I don’t play a musical instrument. I don’t paint or sculpt or draw. I don’t throw pottery or take serious photographs. I write. With language I create essays, stories, reviews, poems, letters, journal entries. With written words I bring something into existence that began as an indelible image or a fragment of thought. I’ve learned to use written words to have a say.

I’ve learned to make time for word work to shape that saying over as many drafts as it takes to create writing worth reading by strangers. Whether the writing is a memory I’ve brought to life in a story or a radio commentary picked up by a National Public Radio station 1,600 miles away, writing gets me close to making art. That’s been a pleasure, an unexpected one. And that has changed my life.

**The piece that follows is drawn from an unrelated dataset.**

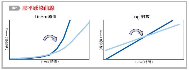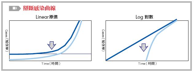 它最終的目標是降低感染者數量,力求完全消失。只要將感染控制在特定範圍,感染數就不會繼續指數上升,這一期的病例量將不再決定下一期的新病例量。數量與時間之間的關係一旦改變,對數圖立刻一覽無遺〔見圖3〕。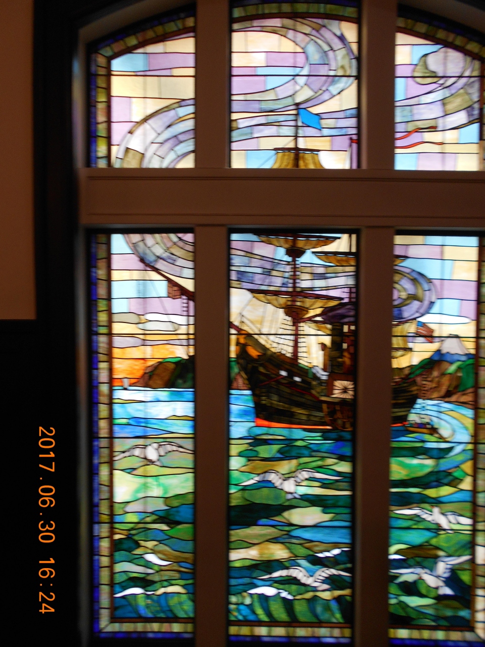 横浜開港50周年を記念して 市民の寄付金によって大正6年{1917年}に創建され 今年で100周年になるということです。ドームのついた赤煉瓦の建物の内部にはとても素晴らしいステンドグラスもあり、歴史を感じる建物です。

The students’ eyes are fixed on the conference table. I take hold of the Mini Cooper mouse my wife bought me, ready to click the “end call” icon. The student asks her question, and I answer, “Changed my life? That’s not big enough.”

Through writing I forged an identity as someone who revels—even luxuriates—in working with words. Writing is akin to meditation for me. It’s helped me understand my experiences, my puzzlements, what I value, what I’ve ceased to value, what I’ve come to value. In writing I’ve been self-indulgent and wrongheaded, foolhardy and idealistic; and sometimes working with those first words has enabled me to find my way to clear thinking and generosity.

Best of all, my writing led me to a profession: teaching others to write a little better than they already do. Because of my laborious writing process, I know what my students struggle with, what they need to experience and learn, what they are capable of. If I can get students to write what matters and engage with the magic power of language, I can up the ante of what I expect of them. If I’m working well, they will up the ante for what they expect of themselves. They will take pleasure in their linguistic accomplishment.

“Writing did not change my life,” I should have told those students. “Writing gave me a life.”